#### [EXERCISE OBJECTIVE]
Restate word for word the lines below that run from the one holding "秋冬2018新款復古長袖V領中長款連衣裙小心機時尚顯瘦晚晚風裙子" through the one holding "een probleem, ik", inclusive. Pictures don't belong in the copy.

#### [EXERCISE DATA]
----------------------------------------

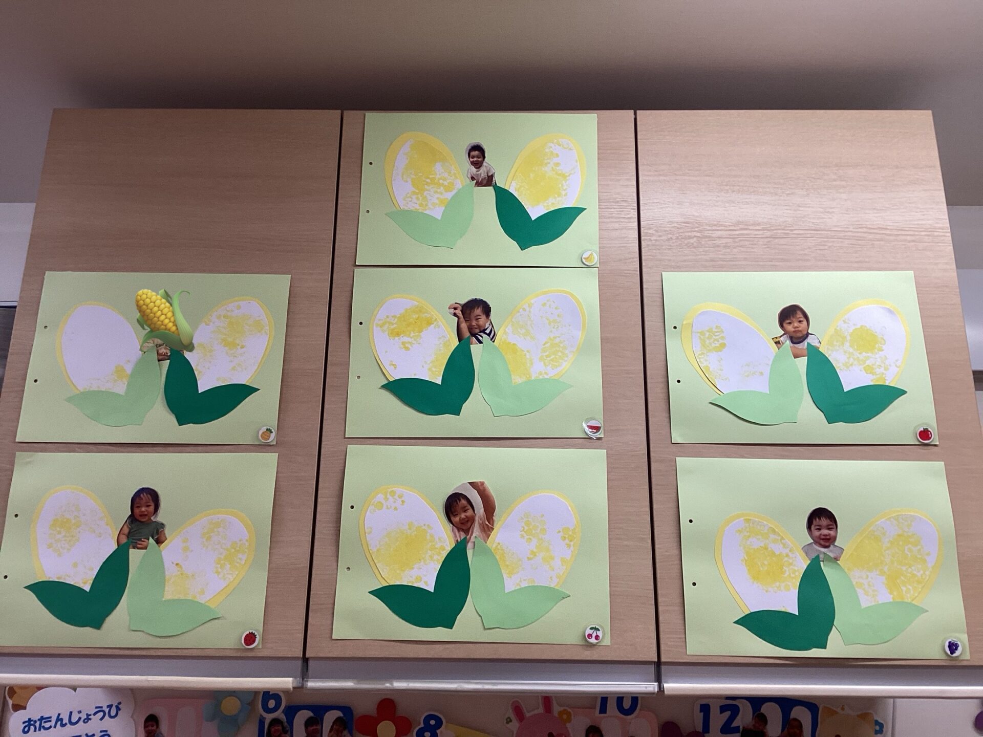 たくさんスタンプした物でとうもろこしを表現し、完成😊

----------------------------------------

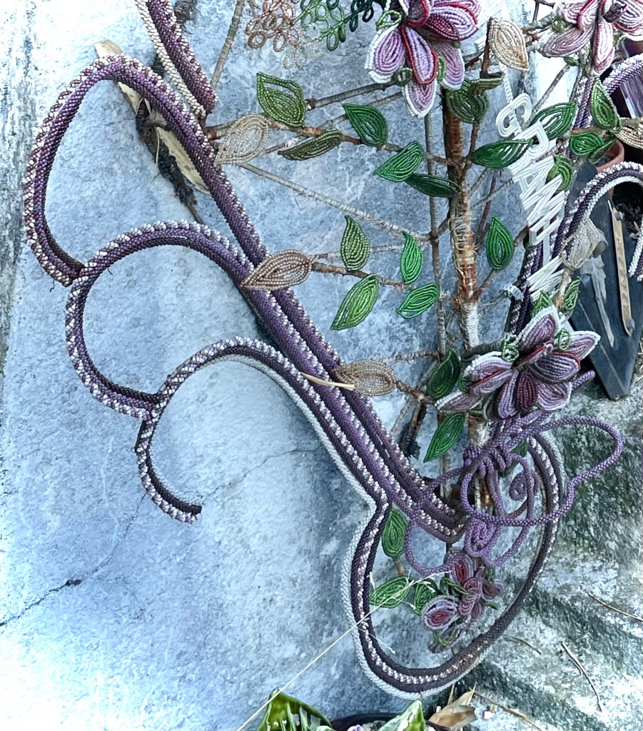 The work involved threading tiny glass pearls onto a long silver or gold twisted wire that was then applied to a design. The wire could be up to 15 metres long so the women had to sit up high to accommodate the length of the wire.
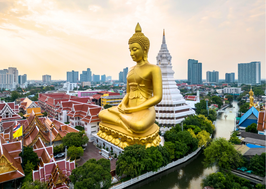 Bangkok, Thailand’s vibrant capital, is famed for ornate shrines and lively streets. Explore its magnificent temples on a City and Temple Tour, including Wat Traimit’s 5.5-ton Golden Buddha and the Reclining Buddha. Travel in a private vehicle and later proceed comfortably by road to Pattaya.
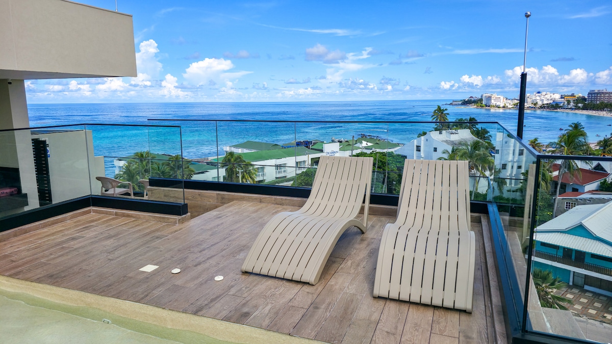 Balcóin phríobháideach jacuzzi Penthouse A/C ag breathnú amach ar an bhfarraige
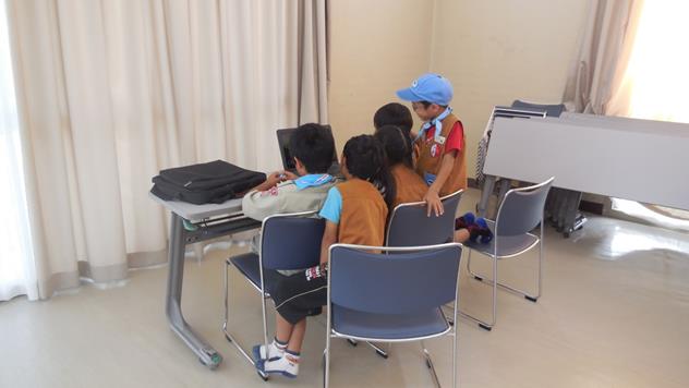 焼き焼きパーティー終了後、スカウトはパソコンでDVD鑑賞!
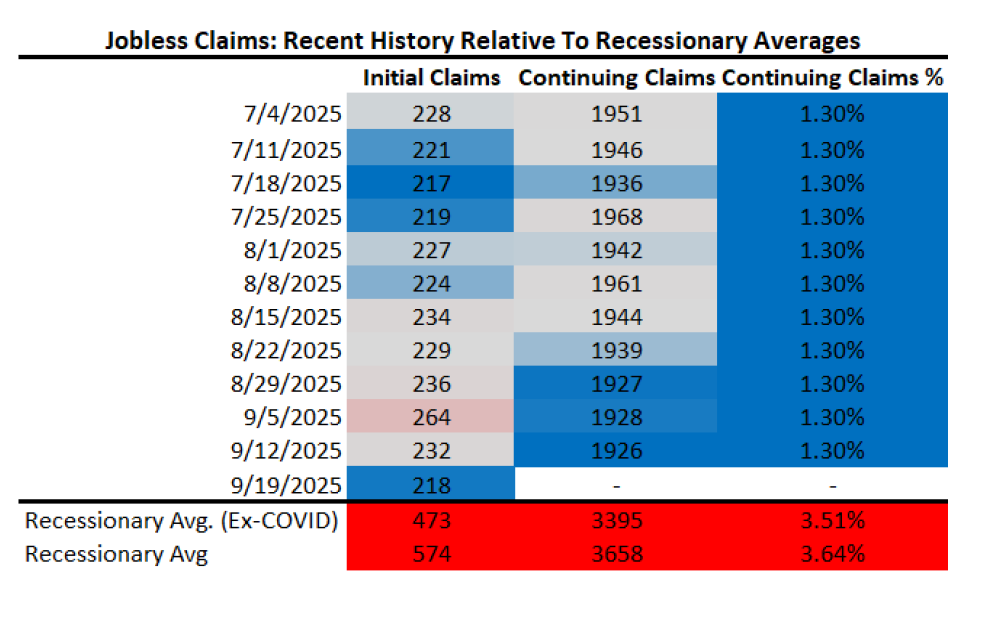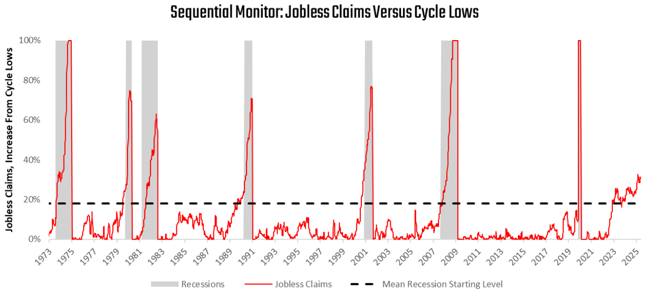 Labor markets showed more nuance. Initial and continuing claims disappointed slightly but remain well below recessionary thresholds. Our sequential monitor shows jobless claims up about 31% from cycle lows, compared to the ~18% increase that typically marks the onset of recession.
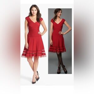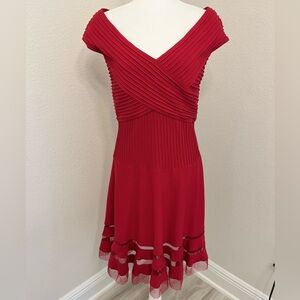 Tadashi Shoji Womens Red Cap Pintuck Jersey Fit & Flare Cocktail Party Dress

----------------------------------------

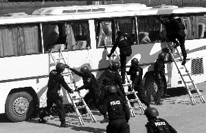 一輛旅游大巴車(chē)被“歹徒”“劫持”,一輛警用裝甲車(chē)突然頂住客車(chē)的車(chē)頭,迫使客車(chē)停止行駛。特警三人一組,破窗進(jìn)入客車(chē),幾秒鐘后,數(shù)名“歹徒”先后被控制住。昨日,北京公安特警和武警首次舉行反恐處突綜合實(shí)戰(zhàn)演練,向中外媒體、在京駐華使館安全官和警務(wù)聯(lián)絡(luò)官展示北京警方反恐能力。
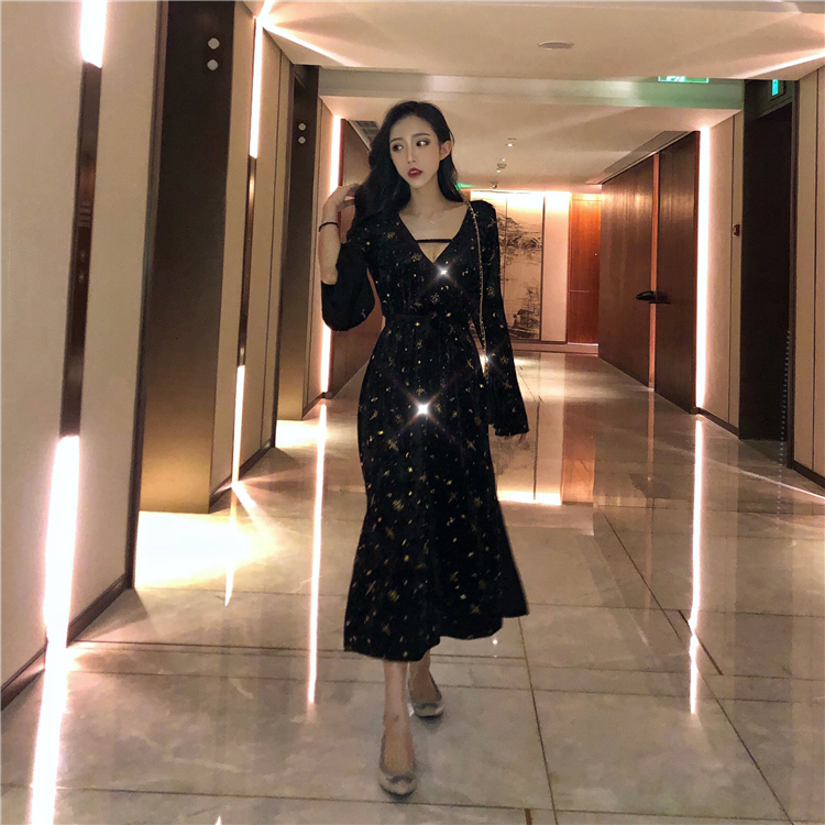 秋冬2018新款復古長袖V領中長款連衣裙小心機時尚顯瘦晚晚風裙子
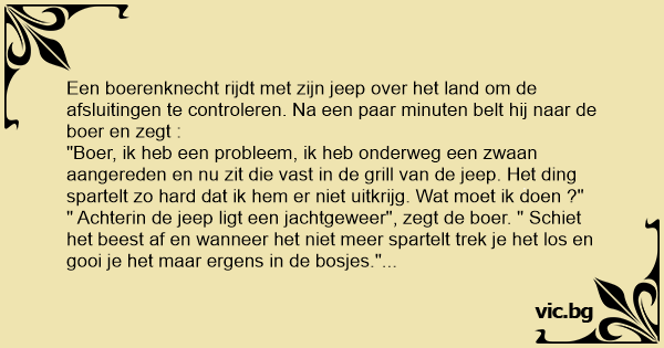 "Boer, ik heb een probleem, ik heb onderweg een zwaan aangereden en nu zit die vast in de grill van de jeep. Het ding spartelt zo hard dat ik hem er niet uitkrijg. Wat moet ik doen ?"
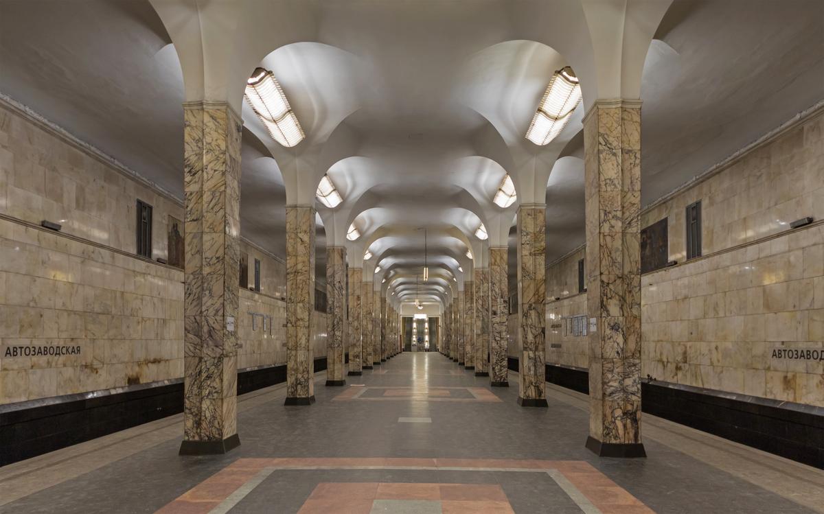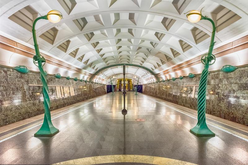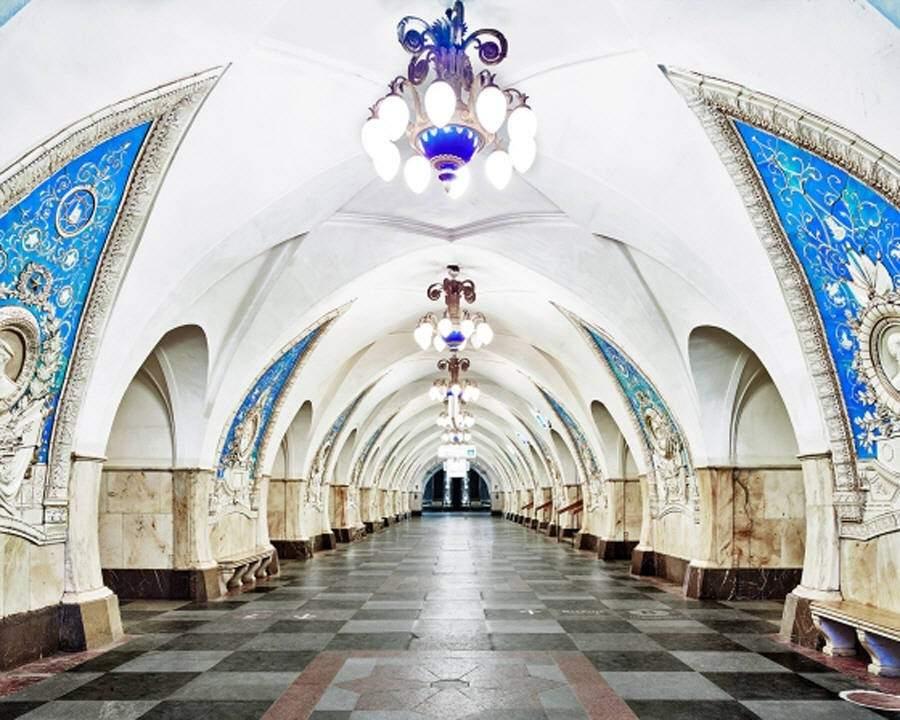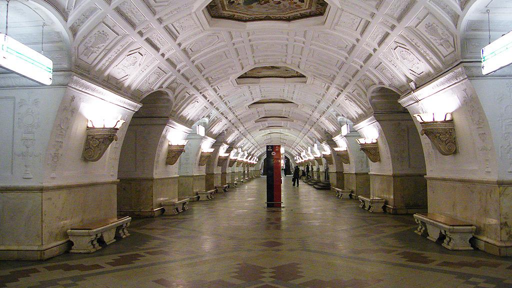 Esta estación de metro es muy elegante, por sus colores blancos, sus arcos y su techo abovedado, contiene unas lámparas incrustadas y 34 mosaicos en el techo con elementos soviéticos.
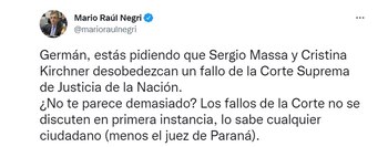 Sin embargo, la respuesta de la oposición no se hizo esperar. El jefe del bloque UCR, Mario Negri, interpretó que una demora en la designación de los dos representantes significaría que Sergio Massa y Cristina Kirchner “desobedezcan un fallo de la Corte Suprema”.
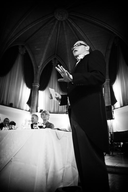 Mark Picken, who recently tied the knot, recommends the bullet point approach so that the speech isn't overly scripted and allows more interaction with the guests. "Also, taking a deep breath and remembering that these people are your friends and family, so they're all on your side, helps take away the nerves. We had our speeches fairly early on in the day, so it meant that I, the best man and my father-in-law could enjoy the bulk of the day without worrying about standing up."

----------------------------------------

#### [ANSWER TO THIS EXERCISE]
 秋冬2018新款復古長袖V領中長款連衣裙小心機時尚顯瘦晚晚風裙子
 "Boer, ik heb een probleem, ik heb onderweg een zwaan aangereden en nu zit die vast in de grill van de jeep. Het ding spartelt zo hard dat ik hem er niet uitkrijg. Wat moet ik doen ?"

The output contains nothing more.